▸ YOUR INSTRUCTIONS:
Pictures stay out of the output. Return exactly the lines below from the one with "For cameras on" down to the one with "Часть черепа с", both included, and nothing more.
** Opening RECORDS FOR PROCESSING block **
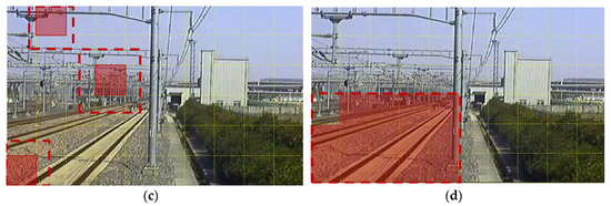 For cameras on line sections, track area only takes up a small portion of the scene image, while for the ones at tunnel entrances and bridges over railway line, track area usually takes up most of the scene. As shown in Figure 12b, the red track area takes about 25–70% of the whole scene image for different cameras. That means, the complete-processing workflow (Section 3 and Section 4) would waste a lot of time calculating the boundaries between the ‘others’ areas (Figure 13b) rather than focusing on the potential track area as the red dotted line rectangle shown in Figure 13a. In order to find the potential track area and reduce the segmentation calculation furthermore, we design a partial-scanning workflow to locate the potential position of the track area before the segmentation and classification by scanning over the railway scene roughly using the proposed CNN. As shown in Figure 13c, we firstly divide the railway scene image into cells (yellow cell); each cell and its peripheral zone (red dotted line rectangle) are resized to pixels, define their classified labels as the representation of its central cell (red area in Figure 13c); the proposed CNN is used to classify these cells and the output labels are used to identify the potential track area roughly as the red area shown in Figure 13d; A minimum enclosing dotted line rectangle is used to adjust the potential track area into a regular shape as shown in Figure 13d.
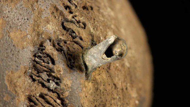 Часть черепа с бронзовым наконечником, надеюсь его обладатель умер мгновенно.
** Closing RECORDS FOR PROCESSING block **
** Opening RECORDS FOR PROCESSING block **
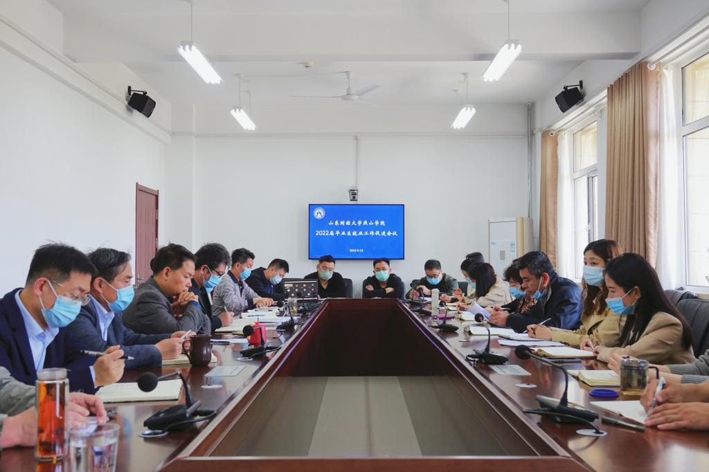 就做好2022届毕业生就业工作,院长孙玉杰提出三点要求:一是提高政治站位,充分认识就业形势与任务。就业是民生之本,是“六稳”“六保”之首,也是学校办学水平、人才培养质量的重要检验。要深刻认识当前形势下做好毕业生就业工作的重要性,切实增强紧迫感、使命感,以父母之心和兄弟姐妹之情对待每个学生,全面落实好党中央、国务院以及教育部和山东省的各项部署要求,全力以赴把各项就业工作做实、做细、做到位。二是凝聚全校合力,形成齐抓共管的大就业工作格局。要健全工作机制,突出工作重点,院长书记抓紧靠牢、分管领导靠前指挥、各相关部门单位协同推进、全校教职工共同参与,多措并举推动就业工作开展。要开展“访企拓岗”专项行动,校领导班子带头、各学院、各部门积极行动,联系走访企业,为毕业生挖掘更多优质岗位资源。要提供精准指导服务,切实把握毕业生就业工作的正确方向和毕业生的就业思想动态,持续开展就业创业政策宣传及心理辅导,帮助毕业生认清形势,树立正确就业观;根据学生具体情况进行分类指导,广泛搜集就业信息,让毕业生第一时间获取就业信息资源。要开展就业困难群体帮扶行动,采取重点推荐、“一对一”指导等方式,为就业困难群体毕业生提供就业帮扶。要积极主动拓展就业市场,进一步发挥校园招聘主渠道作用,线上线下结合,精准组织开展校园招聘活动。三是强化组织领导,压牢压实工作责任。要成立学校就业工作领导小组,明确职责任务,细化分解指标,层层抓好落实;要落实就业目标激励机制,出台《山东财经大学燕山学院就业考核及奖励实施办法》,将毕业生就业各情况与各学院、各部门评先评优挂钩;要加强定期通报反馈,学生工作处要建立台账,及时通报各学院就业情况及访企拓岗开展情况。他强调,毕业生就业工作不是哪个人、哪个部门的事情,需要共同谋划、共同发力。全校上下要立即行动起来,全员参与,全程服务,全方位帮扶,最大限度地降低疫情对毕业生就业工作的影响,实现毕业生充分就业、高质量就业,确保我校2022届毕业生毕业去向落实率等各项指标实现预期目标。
** Closing RECORDS FOR PROCESSING block **
▸ SOLUTION TO THIS PROBLEM:
 For cameras on line sections, track area only takes up a small portion of the scene image, while for the ones at tunnel entrances and bridges over railway line, track area usually takes up most of the scene. As shown in Figure 12b, the red track area takes about 25–70% of the whole scene image for different cameras. That means, the complete-processing workflow (Section 3 and Section 4) would waste a lot of time calculating the boundaries between the ‘others’ areas (Figure 13b) rather than focusing on the potential track area as the red dotted line rectangle shown in Figure 13a. In order to find the potential track area and reduce the segmentation calculation furthermore, we design a partial-scanning workflow to locate the potential position of the track area before the segmentation and classification by scanning over the railway scene roughly using the proposed CNN. As shown in Figure 13c, we firstly divide the railway scene image into cells (yellow cell); each cell and its peripheral zone (red dotted line rectangle) are resized to pixels, define their classified labels as the representation of its central cell (red area in Figure 13c); the proposed CNN is used to classify these cells and the output labels are used to identify the potential track area roughly as the red area shown in Figure 13d; A minimum enclosing dotted line rectangle is used to adjust the potential track area into a regular shape as shown in Figure 13d.
 Часть черепа с бронзовым наконечником, надеюсь его обладатель умер мгновенно.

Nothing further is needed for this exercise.